Just as I mention above, you can’t use a strcat because the data received does not contain a 0 at the end of the block.

The fprintf function is being use all over the world. It is very much extremely unlikely to be buggy… The way you handle “strings” is most definitely causing memory corruption which ends up crashing fprintf.

To be more clear :

char buffer[200];

This statement allocates space on the stack, since it’s local, the standard say the content is undefined.

then readconf( buffer…);

Say it read 4 bytes “OK\n\r”. If we’d look in the memory area where buffer lives we could see something like:

O K \n \r & @ D L F ! 2 … and so forth.

Notice the 4 first bytes are the received data, and the rest of the array is full of garbage, and what do you know none of them are 0. That means the string is very long, in fact we don’t even know how long it is. The 0 that terminates the string could end up being 1 Meg pass buffer, creating a 1 Meg string…

char buffer2[200];
buffer2[0] = 0; // create an empty string

strcpy ( buffer2, buffer );

Now what do you thing is going to happen? If you are lucking you get a SIGSEGV if not you get fprintf that crashes :wink:

Mario,

In his main loop he definitely has terminators thanks to the memsets so he can do the strcat call.

while(1) 
{ 
readcond(fd_ser, rbuffer, sizeof(rbuffer), 0, 0, 10); 
readcond(fd_ser, rbuffer_crc, 10, 10, 0, 10); 
strcat(rbuffer, rbuffer_crc); 

//////////////////////////////////////////////// 
//Write directly into GPSdata.txt 
//////////////////////////////////////////////// 
fprintf(fp_file, "%s", rbuffer); 

printf("******Data from GPS******\n%s\n", rbuffer); 
memset(rbuffer, 0, 300); //clear buffer 
memset(rbuffer_crc, 0, 12); 
} 

So unless the fprintf is crashing on the 1st time through the main loop (something he can check by incrementing a variable or he can just move the memsets to just before the readcond calls) it’s something else entirely that is causing the problem.

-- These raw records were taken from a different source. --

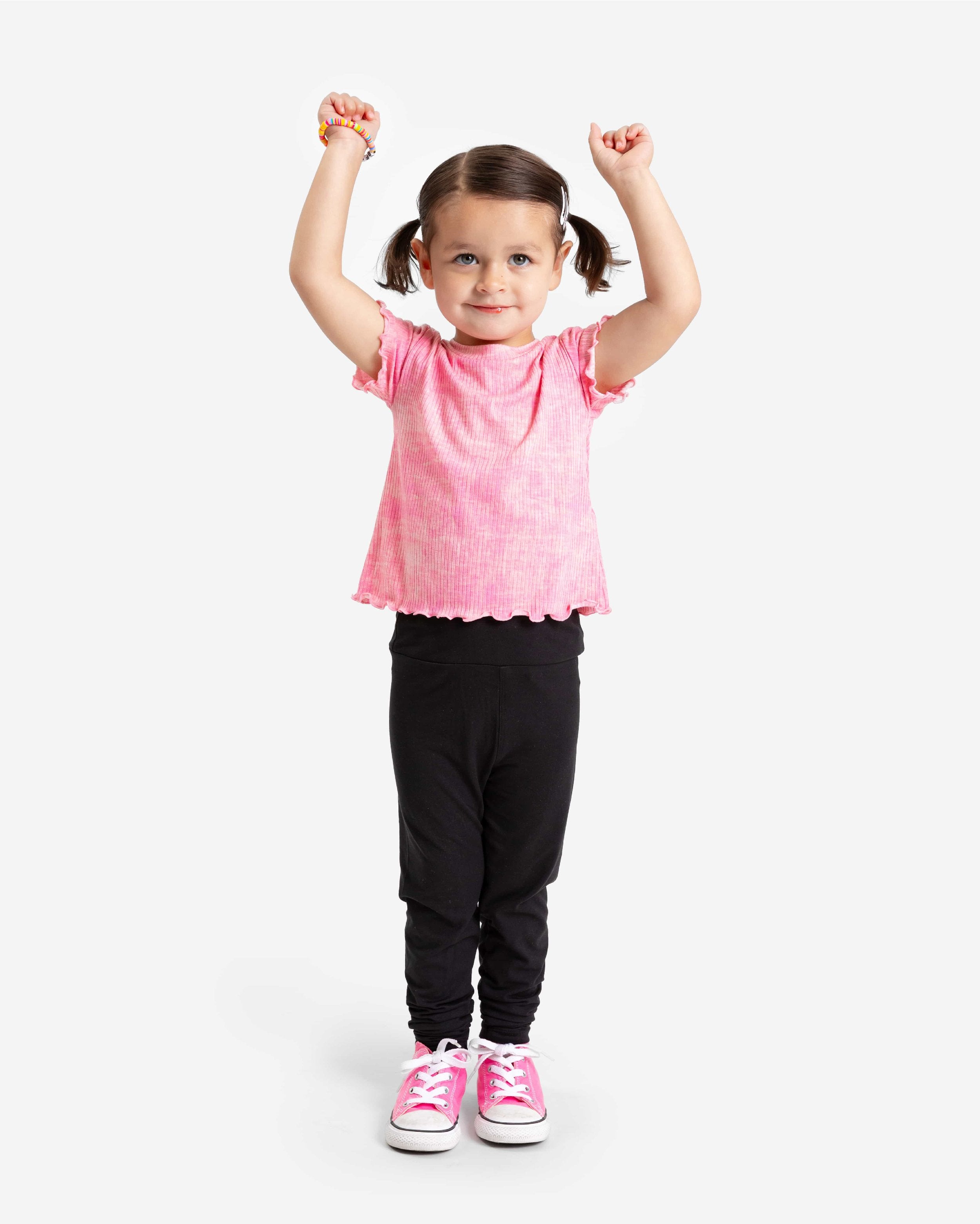Featuring seven “Back to School” inspired pieces - the Basic T, Kids Jax Jogger, Oliver Pullover Hoodie, Molly Double Ruffle Sleeve Dress, Blake Pullover Crew, Lacey Lettuce Hem T, and Leggings.
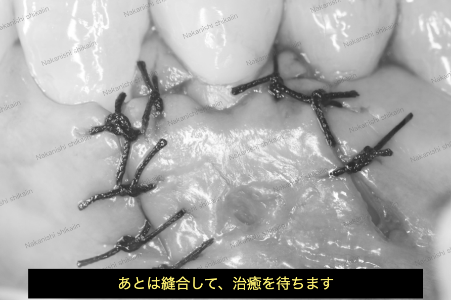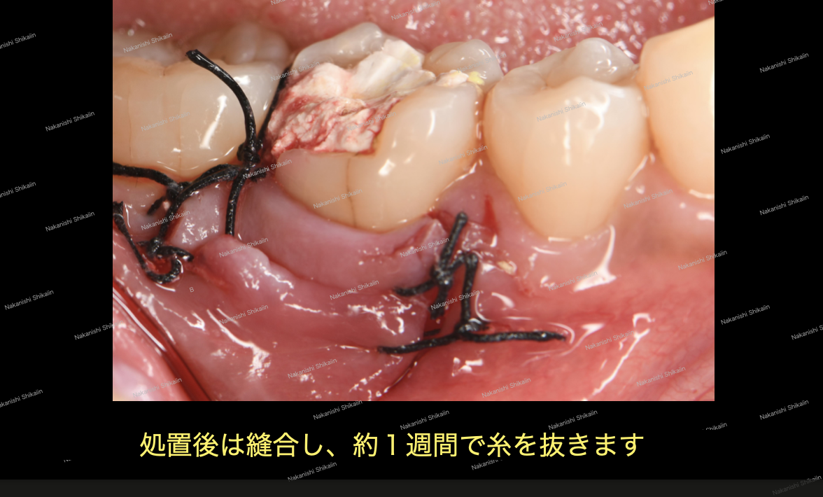 処置後は歯肉を縫合し、1週間程度で抜糸を行います。その後は経過を見ていくのみとなります。
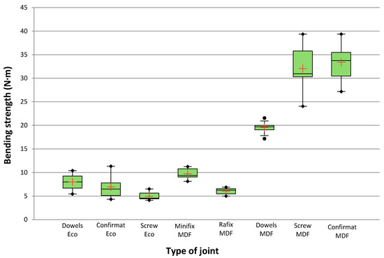 The results of the bending strength are given in Table 2 and the boxplot graphic in Figure 5. The performance of the joints made of the eco-friendly composites with a Minifix connector was unsatisfactory. In practice, they cannot be used as connecting elements due to the fact that the bolt of Minifix reacts with a limited part of the panel and the pullout strength of this part of the connector is significantly less. The rest of the tested joints showed sufficient bending capacity. The highest bending capacity was demonstrated by the joints with 8 × 30 mm dowels (8.02 N·m), followed by the Confirmat ø7 × 50 mm (6.95 N·m) and screws for wood ø3.5 × 50 mm (4.94 N·m). According to Tukey’s test, a significant difference was observed only between the screw joints and the group of dowels and the Confirmat joints. The low strength of the joint with wood screws was due to the inhomogeneity of the eco-friendly panels fabricated from residual wood fibres. In contrast, the corner joints made from MDF panels exhibited an almost equal strength to the joints with the Confirmat and screws due to the homogeneity of the panels. This is proof that the small diameter of the screws had an adverse effect on the strength of the joint. Dowel joints constructed from eco-friendly composites showed almost 2.5 times lower bending capacity compared with the same joints made from MDF panels, while the joints with the Confirmat had a difference of 5 times and the joint with screws had a difference of 6.5 times.
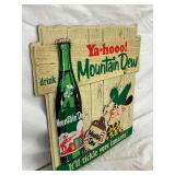 17 1/2″ x 17 1/2″ Mountain Dew Embossed Plastic Advertising Sign with Easel Back
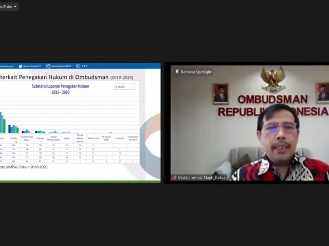 JAKARTA - Ketua Ombudsman RI, Mokhammad Najih menyampaikan paparan terkait Potret Penegakan Hukum bagi Penegak Hukum di Indonesia. Hal ini disampaikan Najih saat menjadi narasumber dalam kegiatan Seminar Nasional "Penegak Hukum: Bagi Penegak Hukum" yang dilakukan secara daring pada Jumat (30/7/2021).
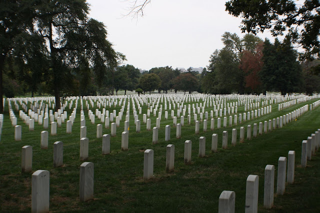 Out of the wind of the moving car we made it to the Cemetery. I remember moving past the statues and the visitor center where my Mother and Aunt pulled maps and information pamphlets. I remember us, the kids, growing quiet as we looked out across the path to the endless rows of white tombstones. Turning, more grave markers. Plain white marble with black writing. Couldn't begin to read them. Crosses, some Stars of David. Carefully placed flowers. A medal sitting on top of one marker - alone.
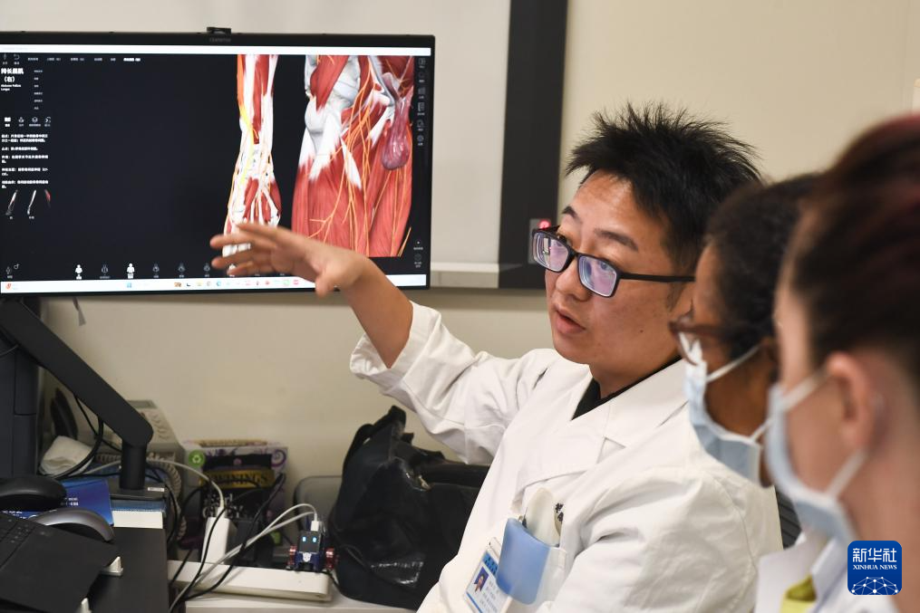 10月22日,在南京鼓楼医院,中医科医生为来自不同国家的见习医生讲解中医术。新华社发(杨素平 摄)
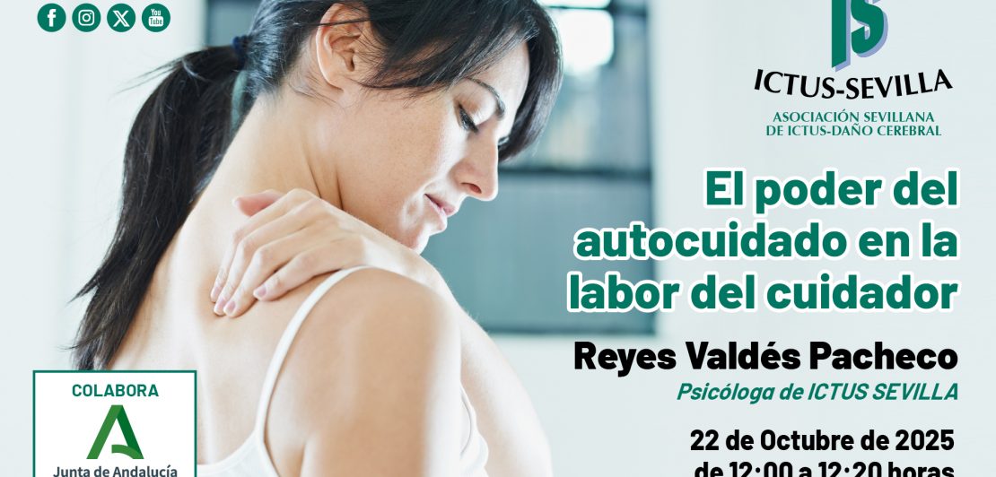 Cuidar también implica cuidarse. El próximo 22 de octubre de 2025, de 12:00 a 12:20 h, te invitamos a seguir en directo la charla “El poder del autocuidado en la labor del cuidador”, impartida por Reyes Valdés Pacheco, psicóloga de ICTUS SEVILLA.
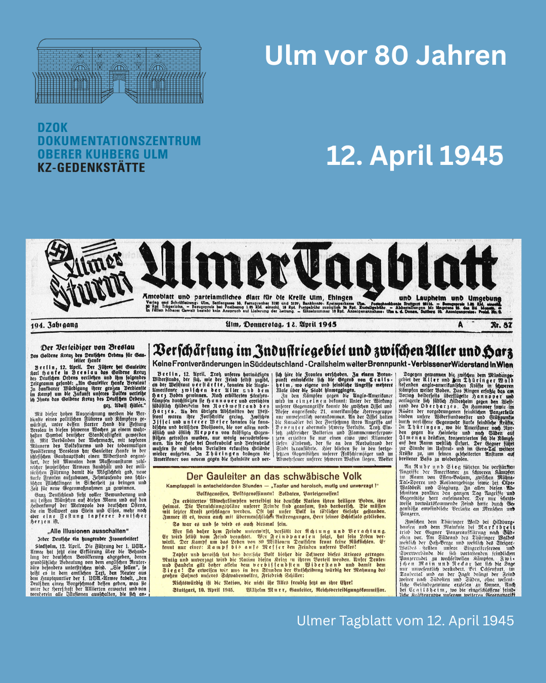 Ulm vor 80 Jahren: Durchhalteappel von Wilhelm Murr, Gauleiter Württembergs, vom 12. April 1945
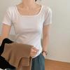 Camiseta de manga corta con cuello cuadrado azul Klein para mujer, ajustada, de verano, con cuello ancho y clavícula, estilo francés, retro, sexy, de media manga.
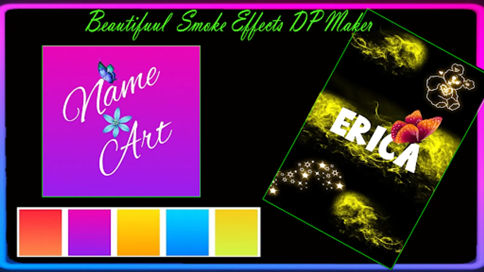 Create Name Art with Smoke Effect Fonts created for you. Name Art Maker and DP Maker comes with 200’s of fonts and styles, 400+ Stickers to decorate your name, Create Name Pics Art with different Styles and Colors and decorate with Picture Stickers.
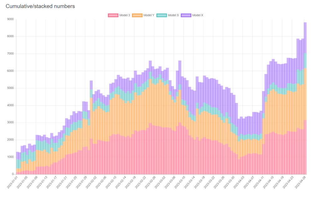 På globalt plan er der nu knap 9.000 Tesla-biler, primært Model 3 og Model Y, mens også en stor del af de dyrere Model X og Model S, der samler støv.
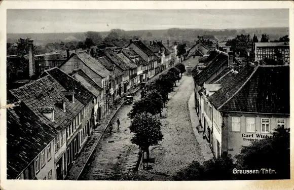 Ak Greußen in Thüringen, Straßenpartie, Drogerie Carl Winke...
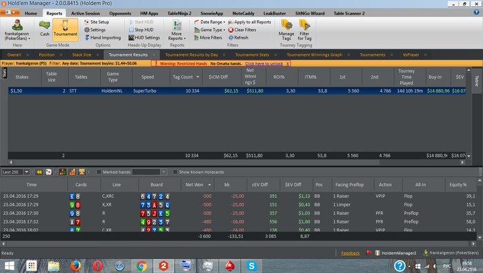 Всем привет. Зовут Михаил. Играю в покер уже давно начинал с кеша сейчас играю гиперы по 1.5 на старзах. Получается так себе многовато тильтую, хотя в игре вроде разобрался немного. Поставил себе цель отыграть за месяц 5к игр и посмотреть на результаты. Отчеты с графиками буду выкладывать регулярно.Просьба поставить +1 чтобы мог написать модератору. Всем успехов.
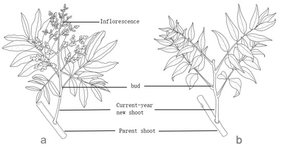 Schematic of the current-year new shoots on parent shoot. (a) bearing shoot of the current-year new shoot; (b) vegetative shoot of the current-year new shoot.
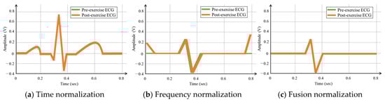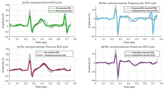 ECG signal cycle in pre and post-exercise cases as time, frequency, and fusion normalization.
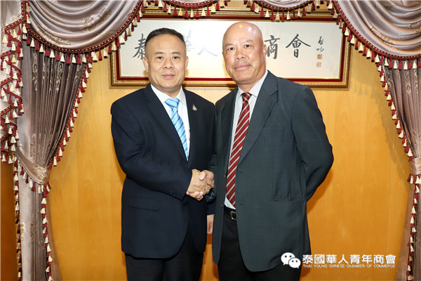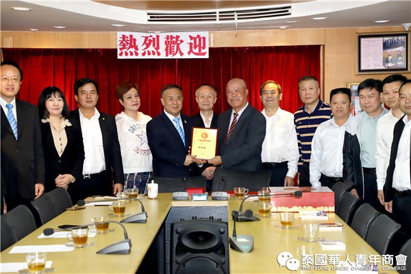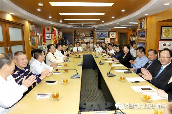 广东省人大代表、广东省流通业商会会长陈建华率领商务考察团于2019年12月13日下午访问泰国华人青年商会,受到李桂雄会长等的热情接待,双方就新时期响应“一带一路”倡议,积极参与粤港澳大湾区建设,深化两会友谊,推动泰中及广东的友好及各领域合作等方面举行了交流座谈会。
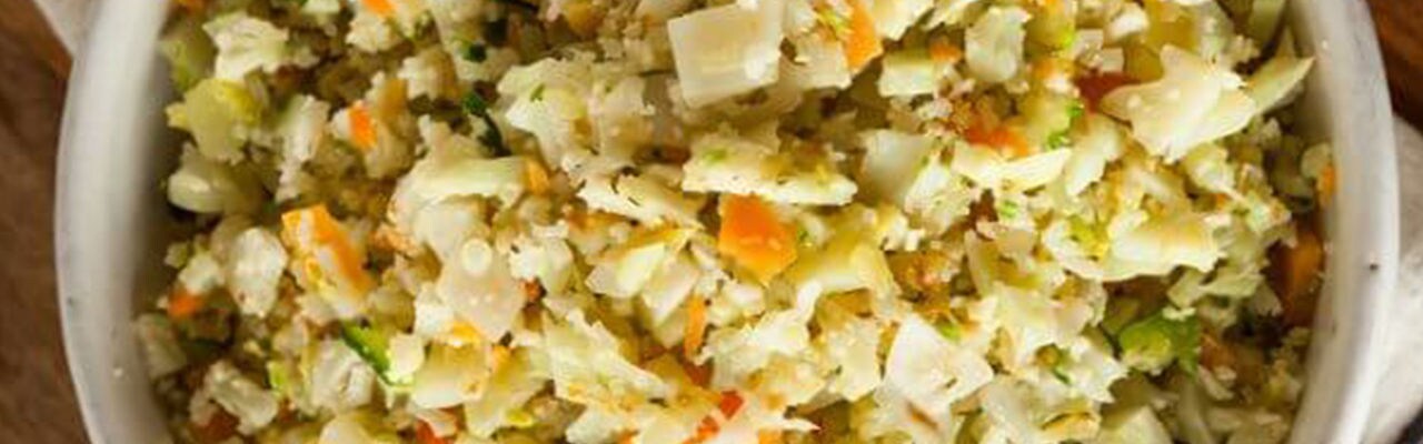 - Fügen Sie das Dressing und den abgekühlten Blumenkohl zu den anderen Zutaten hinzu, die Sie in die große Schüssel gegeben haben. Schwenken, bis alle Zutaten eingearbeitet sind und der Blumenkohl mit dem Dressing überzogen ist. Nach Belieben mit einer Prise Paprika und etwas gehackter Petersilie bestreuen.
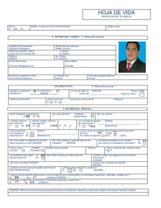 Este documento contiene una hoja de vida de William Alfonso Rodriguez Rodriguez, donde proporciona información personal, familiar, educativa, laboral y de contacto para aplicar a un puesto de trabajo. Entre la información más relevante se encuentra su experiencia de 6 años como técnico electromecánico, sus estudios técnicos en electromecánica en el SENA de Sogamoso, y su aspiración salarial de $800.000.
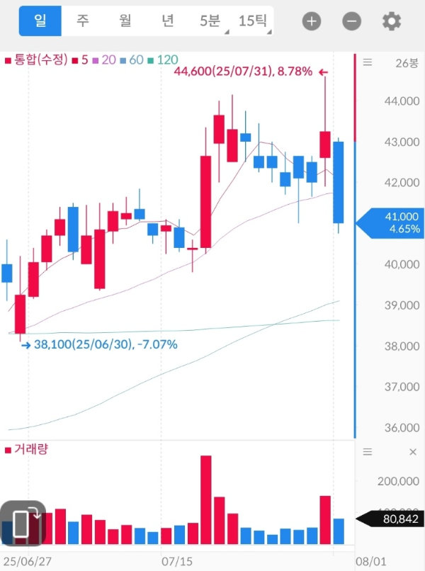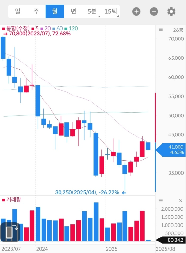 - 2025년 4월 저점(33,050원) → 7월 고점(44,600원)까지 꾸준한 우상향.

That aside, all your comments about his code is excellent advice.

Tim

[quote=“Tim”]
Mario,

In his main loop he definitely has terminators thanks to the memsets so he can do the strcat call.

[code]

Yes but it’s AFTER the first readconf. On the first call to readconf it’s already too late.

Maybe I am wrong but when I defined the rbuffer[300] and rbuffer_crc[12], I initialized them as empty arrays. I think there are also 0s at the end of these buffers, actually there are 300 0s and 12 0s separately.

You’re right, I missed it. Hum then change the fprintf to something like fprintf(rbuffer, “%s”, “a know string” ); If it doesn’t crash then there is something wrong with rbuffer. If it still crashes, replace readcond() with a strcpy of what you expect to received. I’m still convince something gets corrupted, don’t see what though.

You should check the return value of the open of the serial port. Also check the return value of fprintf ( what if the disk gets full).

Before the fprintf, print the value of fd_file to make sure it doesn’t get corrupted.

write(fd_ser, wbuffer, sizeof(wbuffer)); should be
write(fd_ser,wbuffer, strlen ( wbuffer ) ); otherwise it’s sending extra 0.
Or don’t put a size in [] and do a sizeof(wbuffer)-1. The -1 is to not send the extra 0.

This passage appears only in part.